Designing a search engine is a challenging job. Search engines index hundreds of millions of web pages which contain a large number of very different words. Answer thousands of questions every day. In the network, although large search engines are very important, they are rarely studied in academic circles. In addition, due to the rapid development of technology and a large number of web pages, building a search engine now is completely different from three years ago.
This paper introduces our large search engine in detail. As far as we know, this is the first published paper that describes it in such detail. In addition to the problems encountered when applying traditional data search technology to such a large number of web pages, there are many new technical challenges, including applying additional information in hypertext to improve search results.
This paper will solve this problem and describe how to use the additional information in hypertext to build a large practical system. Anyone can post information on the internet at will, and how to deal with these unorganized hypertext effectively is also a problem that this paper should pay attention to.

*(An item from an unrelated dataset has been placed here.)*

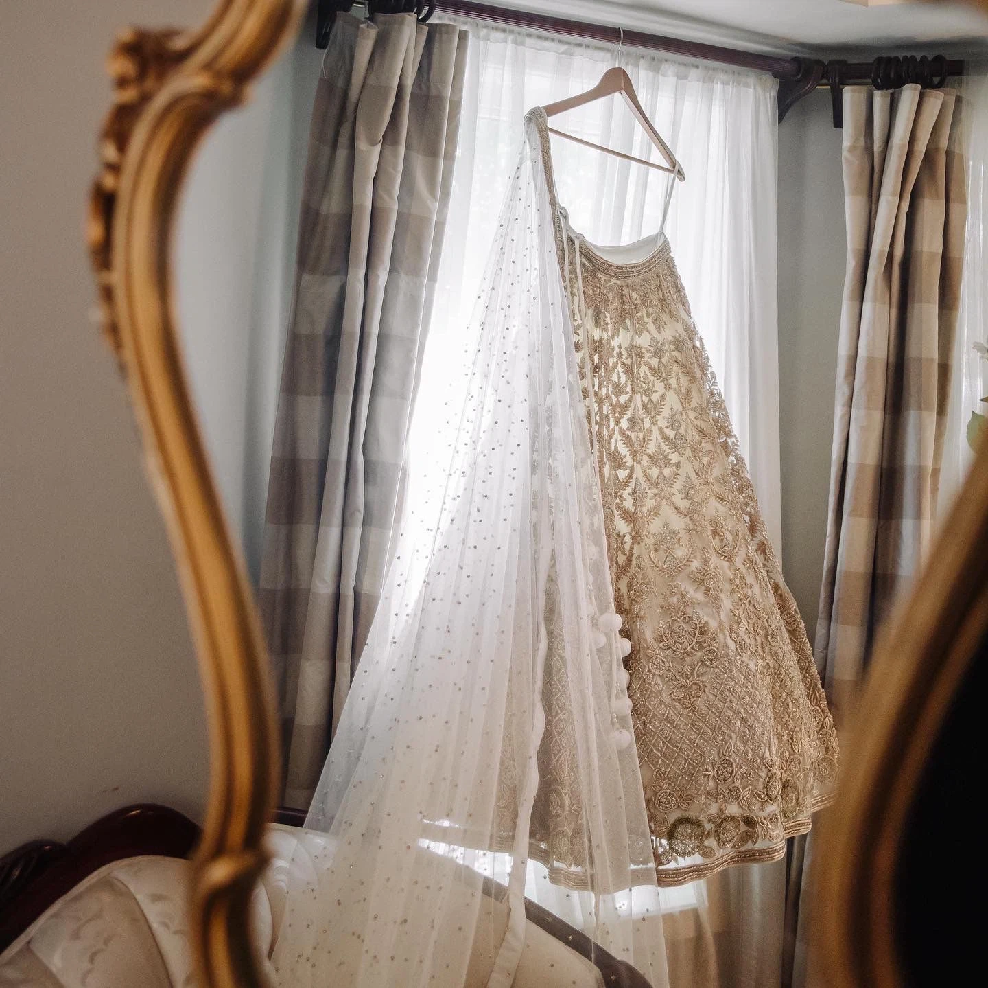 Custom Indian Couture Bridal Lengha with Long Veil - Kora Work

World Wide Web, search engine, information retrieval, PageRank, Google 1 Introduction The Web has brought new challenges to information retrieval. The amount of information on the network is increasing rapidly, and at the same time, there are new inexperienced users to experience the art of the network. People like to use hyperlinks to surf the Internet, usually starting from important web pages or search engines like Yahoo. Everyone thinks;
Question 10: What is the difference between retrieval reference books and reference reference books? A reference book is a manual that collects some knowledge and materials for readers to find words and nouns to explain. A person who provides specific documents, dictionaries, geographical profiles and background information. The specific and practical information provided by the company includes difficult words, explanations of technical terms, storage and retrieval tools for literature information, retrieval of reference books, etc., which people use to report.
Search reference books only provide clues, encyclopedias and bibliographies.